START Available data

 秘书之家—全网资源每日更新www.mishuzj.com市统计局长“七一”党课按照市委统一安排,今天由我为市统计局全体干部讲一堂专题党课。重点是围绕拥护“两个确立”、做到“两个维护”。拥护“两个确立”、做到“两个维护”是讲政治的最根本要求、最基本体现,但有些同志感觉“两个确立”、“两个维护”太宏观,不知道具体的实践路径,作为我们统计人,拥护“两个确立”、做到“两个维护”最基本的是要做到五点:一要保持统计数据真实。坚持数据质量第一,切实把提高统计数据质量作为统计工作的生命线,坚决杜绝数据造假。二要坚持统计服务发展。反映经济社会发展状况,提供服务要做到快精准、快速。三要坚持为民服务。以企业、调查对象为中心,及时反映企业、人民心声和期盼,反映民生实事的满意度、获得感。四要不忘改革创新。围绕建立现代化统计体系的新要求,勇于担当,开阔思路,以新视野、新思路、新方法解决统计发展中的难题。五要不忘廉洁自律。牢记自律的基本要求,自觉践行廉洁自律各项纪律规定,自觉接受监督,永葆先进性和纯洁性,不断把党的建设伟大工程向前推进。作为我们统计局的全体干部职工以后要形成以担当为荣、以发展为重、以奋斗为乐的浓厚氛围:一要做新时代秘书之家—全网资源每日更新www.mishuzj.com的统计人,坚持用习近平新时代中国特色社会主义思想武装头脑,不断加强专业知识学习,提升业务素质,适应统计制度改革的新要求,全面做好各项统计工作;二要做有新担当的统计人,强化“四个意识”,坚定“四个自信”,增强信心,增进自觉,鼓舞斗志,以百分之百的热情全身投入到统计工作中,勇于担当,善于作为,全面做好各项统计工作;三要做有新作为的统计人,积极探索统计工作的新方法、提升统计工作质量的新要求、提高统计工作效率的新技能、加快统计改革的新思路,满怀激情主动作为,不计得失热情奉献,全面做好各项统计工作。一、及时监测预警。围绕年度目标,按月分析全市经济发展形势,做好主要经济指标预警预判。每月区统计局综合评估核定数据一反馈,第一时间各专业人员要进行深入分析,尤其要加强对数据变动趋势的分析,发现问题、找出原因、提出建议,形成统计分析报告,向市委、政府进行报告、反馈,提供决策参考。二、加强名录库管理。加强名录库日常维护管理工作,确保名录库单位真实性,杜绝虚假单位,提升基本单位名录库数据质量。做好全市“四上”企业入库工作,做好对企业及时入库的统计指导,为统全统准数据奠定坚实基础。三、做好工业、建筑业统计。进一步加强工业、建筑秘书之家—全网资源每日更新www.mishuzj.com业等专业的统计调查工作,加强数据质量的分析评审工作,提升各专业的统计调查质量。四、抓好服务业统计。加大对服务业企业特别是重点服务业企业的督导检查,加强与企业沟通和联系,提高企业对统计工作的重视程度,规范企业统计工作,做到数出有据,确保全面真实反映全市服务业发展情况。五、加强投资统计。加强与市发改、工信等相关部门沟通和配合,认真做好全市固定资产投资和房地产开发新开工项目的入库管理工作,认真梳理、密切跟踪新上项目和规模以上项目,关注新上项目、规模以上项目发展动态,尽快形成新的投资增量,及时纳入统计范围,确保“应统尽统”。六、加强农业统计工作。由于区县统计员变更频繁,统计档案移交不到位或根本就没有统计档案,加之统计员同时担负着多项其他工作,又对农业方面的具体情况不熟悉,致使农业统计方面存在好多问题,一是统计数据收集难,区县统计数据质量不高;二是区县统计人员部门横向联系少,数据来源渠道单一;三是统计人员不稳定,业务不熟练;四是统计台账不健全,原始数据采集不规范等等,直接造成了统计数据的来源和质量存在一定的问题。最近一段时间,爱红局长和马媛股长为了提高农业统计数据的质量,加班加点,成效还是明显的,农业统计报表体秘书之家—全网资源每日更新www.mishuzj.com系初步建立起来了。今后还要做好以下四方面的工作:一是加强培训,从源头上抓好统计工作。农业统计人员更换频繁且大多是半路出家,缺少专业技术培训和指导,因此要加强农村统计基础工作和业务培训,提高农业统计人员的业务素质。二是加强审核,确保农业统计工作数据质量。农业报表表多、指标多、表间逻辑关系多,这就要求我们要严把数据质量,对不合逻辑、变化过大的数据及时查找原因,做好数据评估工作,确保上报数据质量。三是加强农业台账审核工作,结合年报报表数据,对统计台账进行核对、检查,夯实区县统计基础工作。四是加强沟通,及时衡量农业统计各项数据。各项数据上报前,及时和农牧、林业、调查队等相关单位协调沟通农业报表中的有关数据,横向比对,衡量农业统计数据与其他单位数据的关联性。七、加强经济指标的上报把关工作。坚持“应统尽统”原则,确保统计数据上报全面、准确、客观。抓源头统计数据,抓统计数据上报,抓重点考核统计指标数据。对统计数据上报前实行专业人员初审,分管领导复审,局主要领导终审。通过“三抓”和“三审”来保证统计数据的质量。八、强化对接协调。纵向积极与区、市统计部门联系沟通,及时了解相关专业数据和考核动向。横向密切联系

END Available data
START Available data

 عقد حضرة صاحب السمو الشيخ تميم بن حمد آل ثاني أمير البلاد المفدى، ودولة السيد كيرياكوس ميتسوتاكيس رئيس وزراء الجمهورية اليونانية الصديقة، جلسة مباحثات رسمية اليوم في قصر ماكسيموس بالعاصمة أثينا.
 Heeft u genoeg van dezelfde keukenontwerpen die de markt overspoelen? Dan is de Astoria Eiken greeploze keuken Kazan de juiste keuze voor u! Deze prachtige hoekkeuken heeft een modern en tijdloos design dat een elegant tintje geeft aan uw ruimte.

END Available data

There is a run of lines above from the one with "عقد حضرة صاحب" to the one with "Heeft u genoeg"; print exactly that run, both ends included, and nothing else.

 عقد حضرة صاحب السمو الشيخ تميم بن حمد آل ثاني أمير البلاد المفدى، ودولة السيد كيرياكوس ميتسوتاكيس رئيس وزراء الجمهورية اليونانية الصديقة، جلسة مباحثات رسمية اليوم في قصر ماكسيموس بالعاصمة أثينا.
 Heeft u genoeg van dezelfde keukenontwerpen die de markt overspoelen? Dan is de Astoria Eiken greeploze keuken Kazan de juiste keuze voor u! Deze prachtige hoekkeuken heeft een modern en tijdloos design dat een elegant tintje geeft aan uw ruimte.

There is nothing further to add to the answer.